Но с ней ничего не случилось, она просто думала, точнее училась думать. Она вдруг открыла в себе эту способность — думать, и поняла, что прежде никогда не думала, не знала, что это такое. И она теперь только и была занята тем, что думала, думала... О чем?
О, на это не так легко ответить! На это можно было бы ответить, что не было ничего такого, о чем бы не думала она в эти вечера и дни!
Она думала и вспоминала. Например, о соседе, который несколько лет назад поселился в их доме. У него было одутловатое, красное, как бы обожженное морозом — а может, и вправду обмороженное — лицо.

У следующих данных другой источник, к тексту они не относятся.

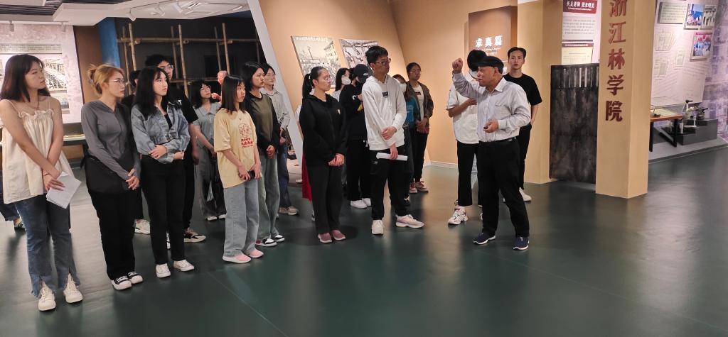 校史馆义务讲解员从校史馆序厅学校校训“求真、敬业”的背景和内涵开始讲解,以浙农林大精神为引领,以校园文化为脉络,结合自身的工作经历,为同学们带来了一场生动有趣的校史讲座。
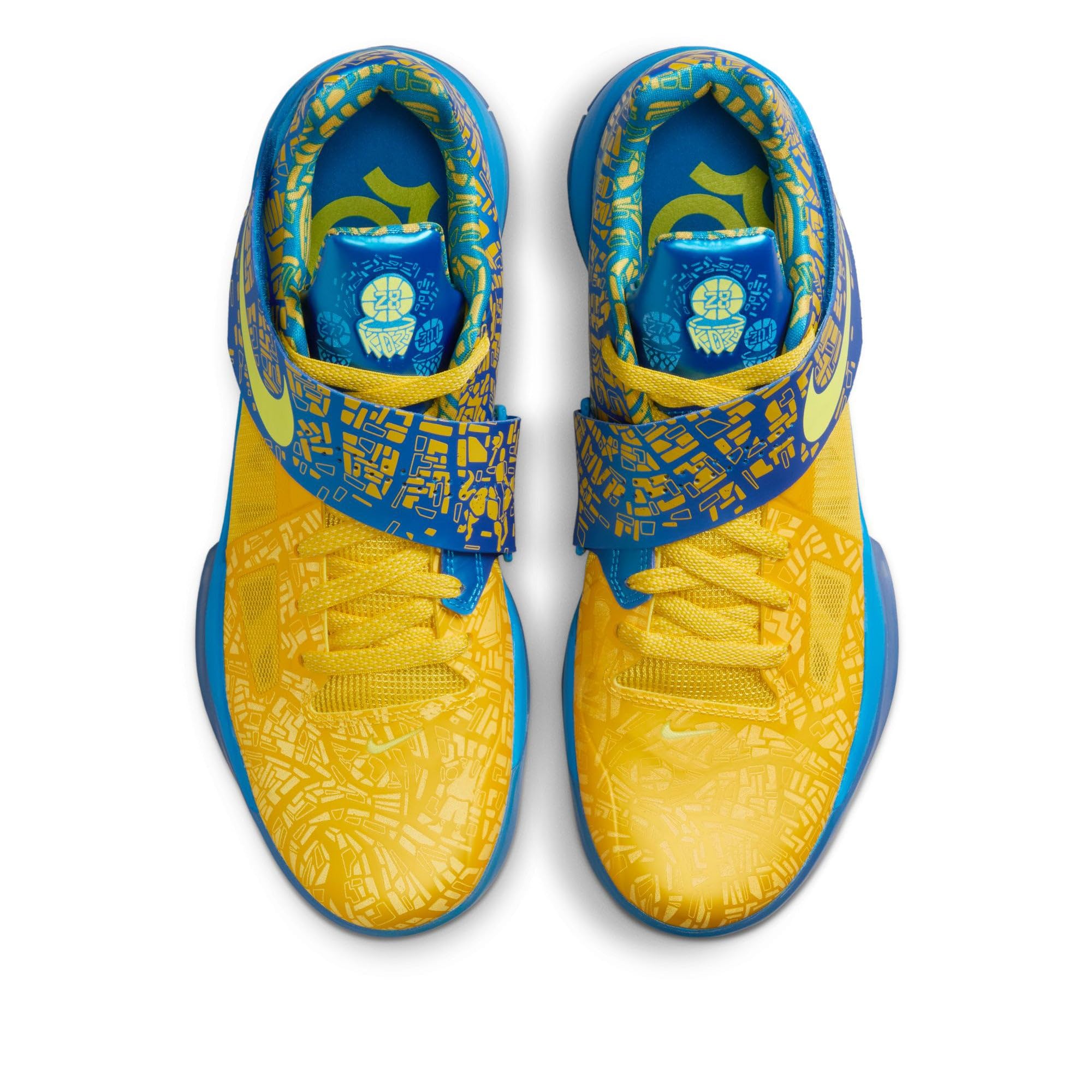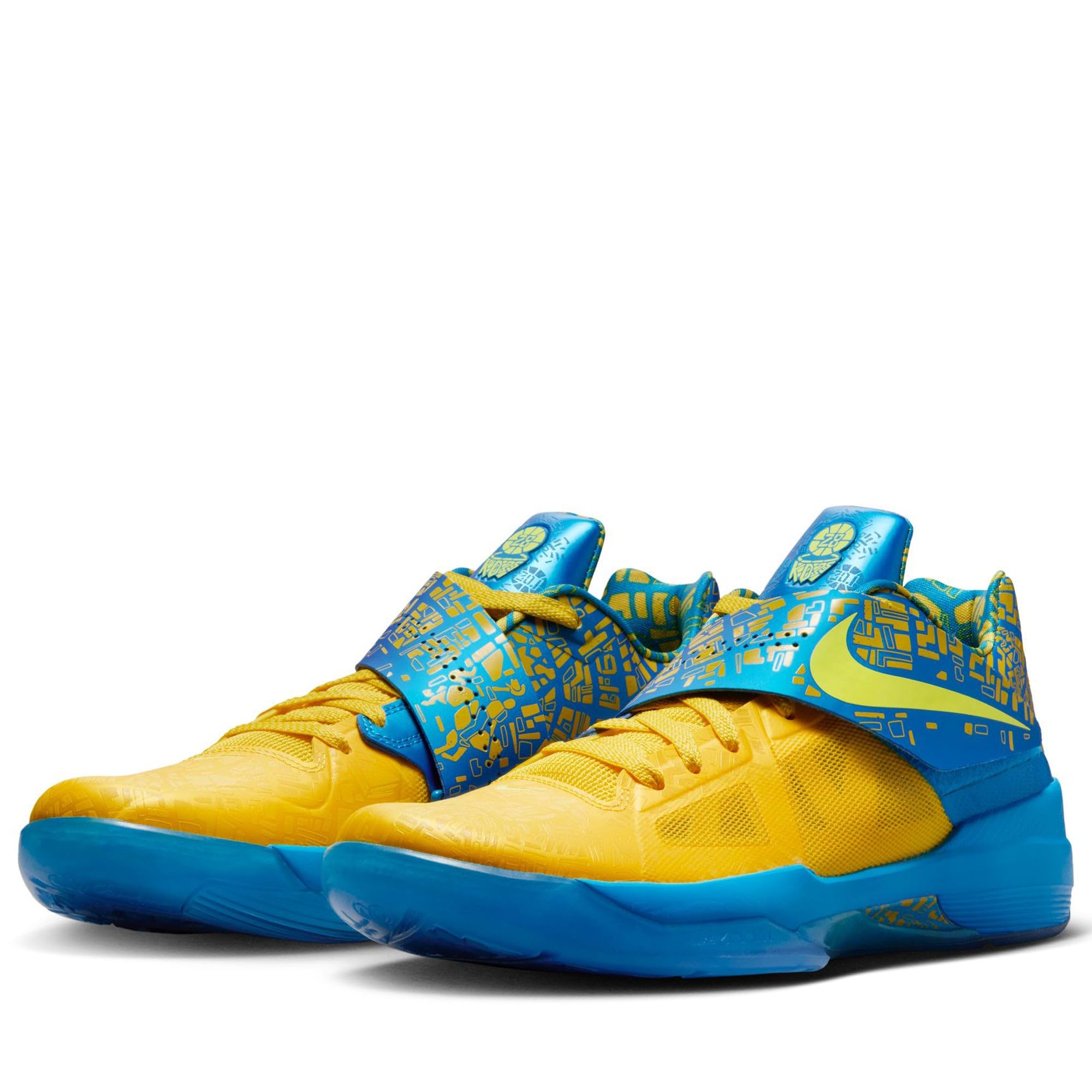 Description Reviving 90's nostalgia, this special KD 4 edition returns, eager to shake up bedroom hoops and rattle doorframes. With splattered straps and spray-painted tongue emblems, it's the 2011 collab that stormed both sneaker and basketball scenes. Court-ready, it boasts adjustable straps and a grippy gum sole for quick cuts, while a robust forefoot Air Zoom unit powers lightning-fast moves and full-court sprints.

Но, может быть, оно было багровым, разбухшим — от постоянного напряжения, такие лица Таня замечала у тех, кто передвигался по земле с помощью рук, на низенькой колясочке, если так можно назвать пару сбитых дощечек на роликовых колесиках,— а он именно так и передвигался и, завидев его, Таня обычно старалась не смотреть в его сторону, пробежать мимо или как-нибудь по незаметней обойти — от стыда за свои легкие, длинные, быстрые ноги, от безвинного и тем более нестерпимого стыда.
Так вот, она вспоминала, как, поселившись в их доме, он стал строить гараж, потому что у него был автомобильчик, какие тогда выдавались военкоматами или еще кем-то таким, как он, инвалидам, и для этого автомобильчика, кургузого, смешного, с брезентовым верхом, был нужен гараж, то есть, в сущности, небольшая пристройка к сараям, которые загромождали почти весь двор. И вот во дворе загорелся скандал: говорили, что гараж будет мешать вешать белье, будет мешать детям, будет еще чему-то или кому-то мешать, и это так и было на самом деле, но инвалид, в злом, галдящем, грозящем кольце жильцов дома,— инвалид сидел — вернее, он стоял на земле, ведь это для него значило стоять — так вот, он стоял позади кирпичной стенки, он уже начал выкладывать ее и выложил вершка на три-четыре, и теперь он стоял за ней, в кепочке, перемазанной цементным раствором, с багрово-красным, цвет кирпича, лицом, с водянисто-голубыми, почти белыми глазами, белыми, бешеными, жалкими глазами — и казалось, он выглядывает из траншеи или дота, и он не отступит, не уступит, и будет здесь стоять, на своей низенькой тележке, на дощечке с колесиками, пока жив, пока его не прихлопнет граната или пуля,— граната или пуля, а не эти горластые бабы в подоткнутых передниках...
И он построил гараж. И он катал ребятишек в своем автомобильчике. Но недолго: вскоре он умер, говорили — от кровоизлияния в мозг.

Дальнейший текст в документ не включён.